The coprocessor should only signal Coprocessor 2 exceptions (C2E) for any implemented COP2 instruction which has an execution problem. All unimplemented legal COP2 instructions should signal an RI exception.

**Note:** For imprecise exceptions, the exception sent is not related to the current instruction, the C2E exception can only be sent on dispatched COP Ops that are NOT part of the instructions that the integer core are guaranteed to signal RI as defined above.

The coprocessor may also signal one of two implementation-specific exception codes (IS1 and IS2). These exception codes can be used to trigger special software exception handling routines. A special handler can be started quicker as the exception handler does not need to read a specific coprocessor *Cause* register, as might be needed on the general C2E exception. The rules for C2E exception also apply to IS1 and IS2 exceptions.

**Note:** A coprocessor can signal an exception for all To/From COP Ops. An exception on a To/From COP Op cannot depend on the associated data, except for the data sent from the integer core on a CTC2 instruction<sup>1</sup>.

The integer processor core detects Coprocessor Unusable exceptions for all coprocessor instructions.

The M4K core needs the exception transfer for all instructions in the M-stage to avoid stalling. It must signal exceptions in the first cycle of the A-stage, and will stall in the M-stage if it has to wait for the transfer.

If imprecise coprocessor exceptions are allowed, then the coprocessor can use the "No exception" signal immediately after dispatch. This will prevent stalling in the integer pipeline while waiting for precise results; if an exception does occur for that instruction, then a subsequent coprocessor instruction can be flagged as exceptional (although imprecise), or else an interrupt could be signalled through the normal integer processor core interrupt inputs (SI\_Int[5:0]).

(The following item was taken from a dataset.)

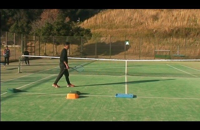 インパクトに向けて上体を少ししゃがむ感覚でボールにスライス回転を与えるのが大切です。ローボレーでは更にボールを右から左に横取りするスライド運動(ダブルスライス回転)が出来ると更に安定してネットもせずに3か所のコースに送れると、相手のバック側に少し隠し味で逃げて行くので、打ち難くなるので、このボールを横取りするローボレーのスイング感覚(足の運び)を習得できれば素晴らしい。

Figure 5-6 Exception Waveforms

Figure 5-6 shows example waveforms for an exception return from three coprocessor instructions. In this example, the exception returns are all arithmetic COP Ops, and *CP2\_as\_0* is used to strobe the dispatch.

On edges 2, 6 and 7, instructions A, B and C respectively are dispatched. A is an unimplemented arithmetic instruction, causing a Reserved Instruction exception (RI). B is an implemented arithmetic instruction, as is C, but some errors occurred while executing the instruction, causing a C2E exception.

On edge 3, an RI exception for instruction A is returned to the integer core.  $CP2\_excs\_0$  set  $(1_2)$  signals that the  $CP2\_exc\_0$  is valid.  $CP2\_exc\_0$  driven high  $(1_2)$  signals that a valid exception is on  $CP2\_exccode[4:0]$ . Refer to Table 2-3 on page 3 for descriptions of the valid exception bit values.

On edge 9, no exception is returned for instruction B. On edge 11, the C2E exception for instruction C is returned to the integer core.

<sup>&</sup>lt;sup>1</sup> Exception based on the data sent on a CTC2 is possible if the control value written indicates that the instruction should always cause exception.

#### **5.4.6 Instruction Nullification**

All instructions dispatched utilize this transfer. Used to signal if an instruction was nullified in the integer processor core, this transfer happens even if an instruction was not nullified so that the coprocessor knows when it can begin operation of subsequent operations that depend on the result of the current instruction.

Normally, an instruction is killed only when the pipeline is being flushed because an exception occurred. In this case, all subsequent instructions in the pipeline (both coprocessor and integer core pipelines) are also killed. An instruction may also be killed because it is in the delay slot of a branch-likely instruction that did not branch. This type of killing is called instruction nullification. In this case, subsequent instructions in the pipeline are unaffected by the nullification.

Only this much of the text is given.